Top of COLLECTED MATERIAL

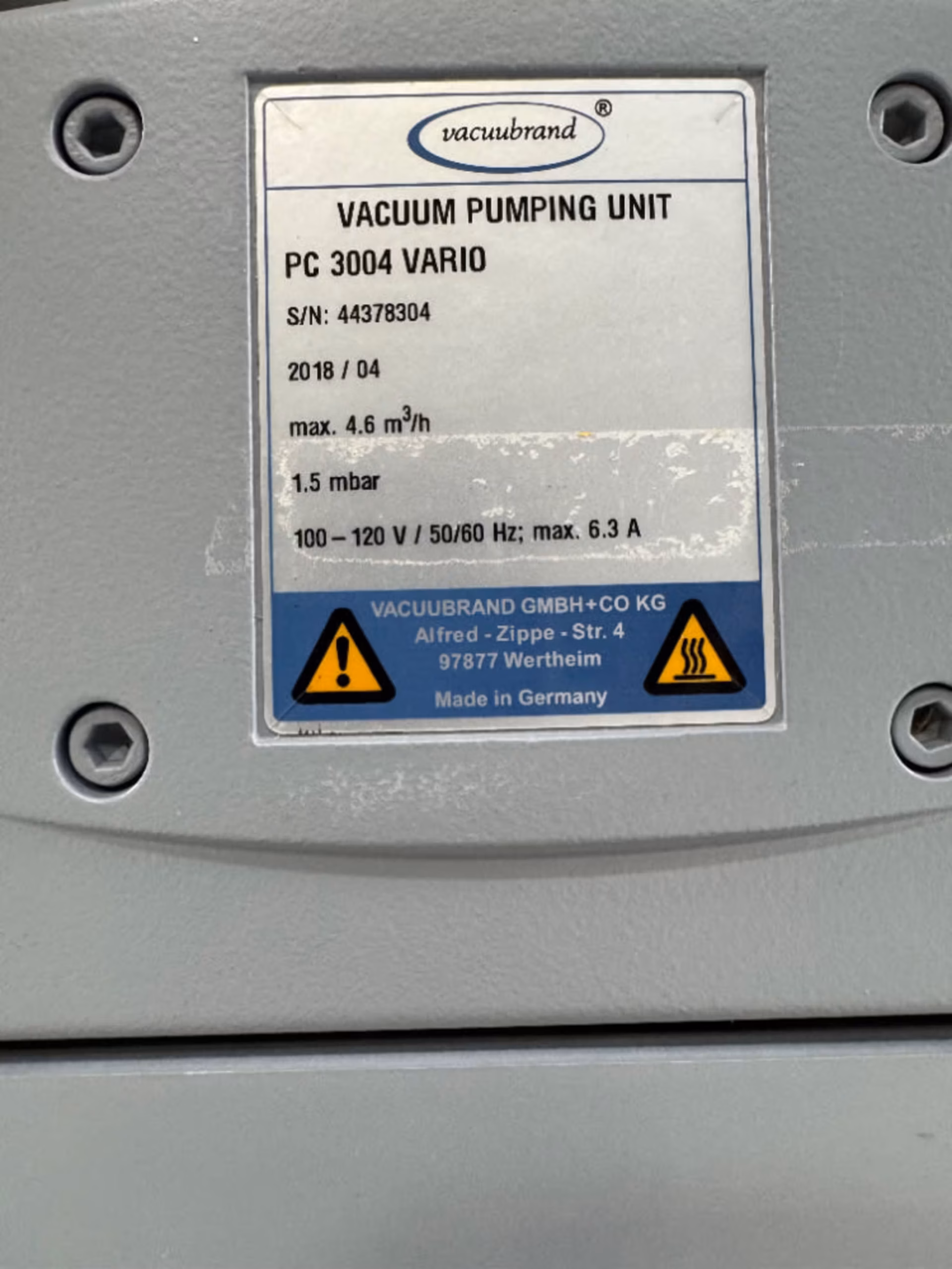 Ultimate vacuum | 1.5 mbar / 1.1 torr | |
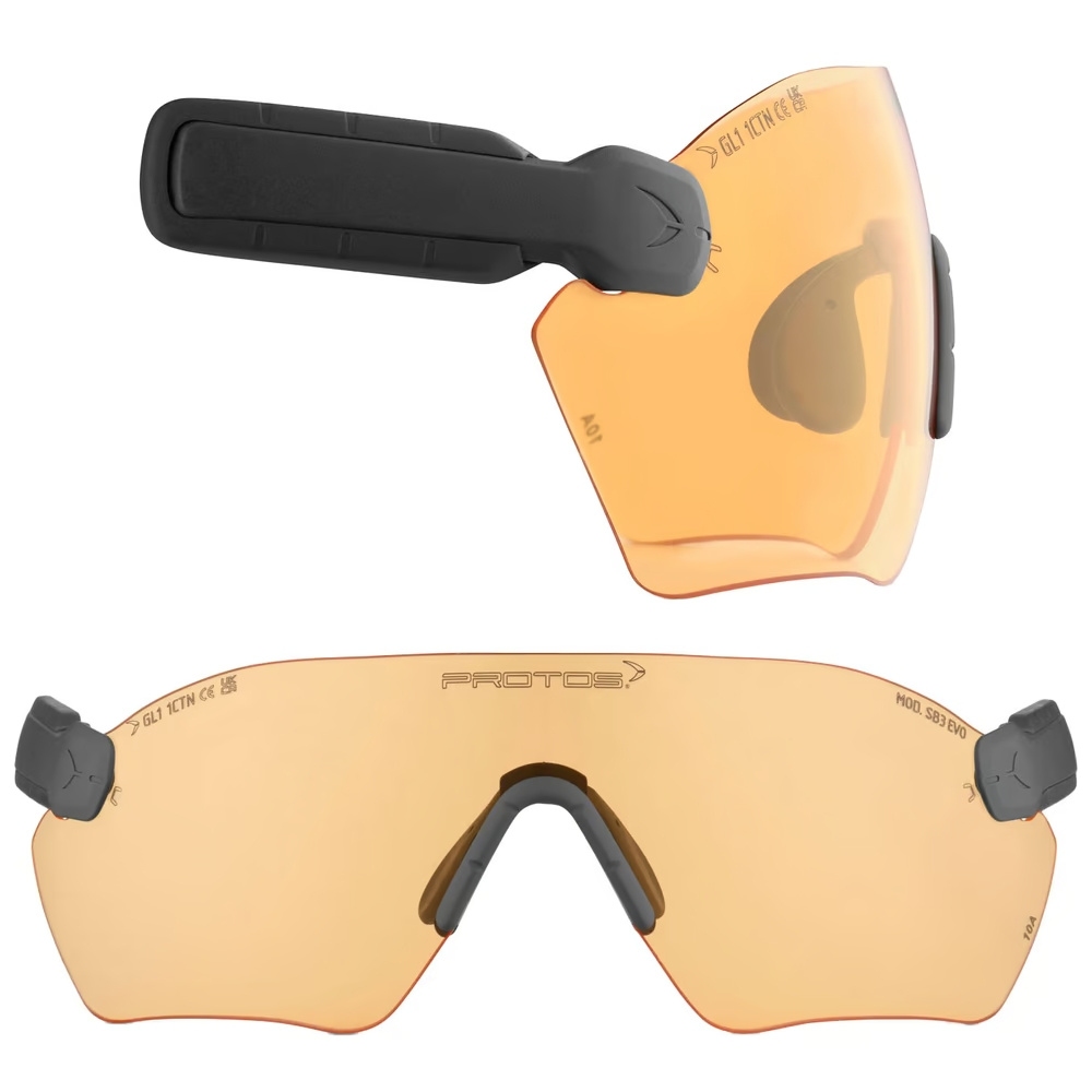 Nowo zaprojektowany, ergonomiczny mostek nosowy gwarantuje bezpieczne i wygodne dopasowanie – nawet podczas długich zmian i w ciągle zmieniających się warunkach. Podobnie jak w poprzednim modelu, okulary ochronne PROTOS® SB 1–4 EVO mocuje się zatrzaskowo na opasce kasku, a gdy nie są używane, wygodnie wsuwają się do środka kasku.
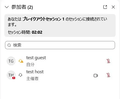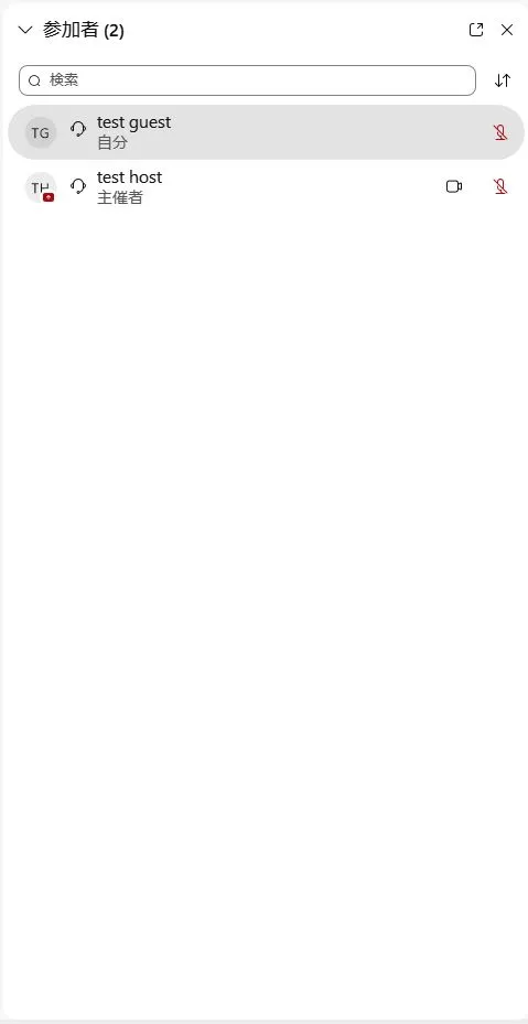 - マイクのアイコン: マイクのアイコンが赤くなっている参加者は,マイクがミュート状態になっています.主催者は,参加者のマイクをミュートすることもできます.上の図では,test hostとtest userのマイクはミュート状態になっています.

Bottom of COLLECTED MATERIAL

> **WHAT TO DO**: For every line above, produce an exact transcription that omits the images.

> **OUTPUT**:
 Ultimate vacuum | 1.5 mbar / 1.1 torr | |
 Nowo zaprojektowany, ergonomiczny mostek nosowy gwarantuje bezpieczne i wygodne dopasowanie – nawet podczas długich zmian i w ciągle zmieniających się warunkach. Podobnie jak w poprzednim modelu, okulary ochronne PROTOS® SB 1–4 EVO mocuje się zatrzaskowo na opasce kasku, a gdy nie są używane, wygodnie wsuwają się do środka kasku.
 - マイクのアイコン: マイクのアイコンが赤くなっている参加者は,マイクがミュート状態になっています.主催者は,参加者のマイクをミュートすることもできます.上の図では,test hostとtest userのマイクはミュート状態になっています.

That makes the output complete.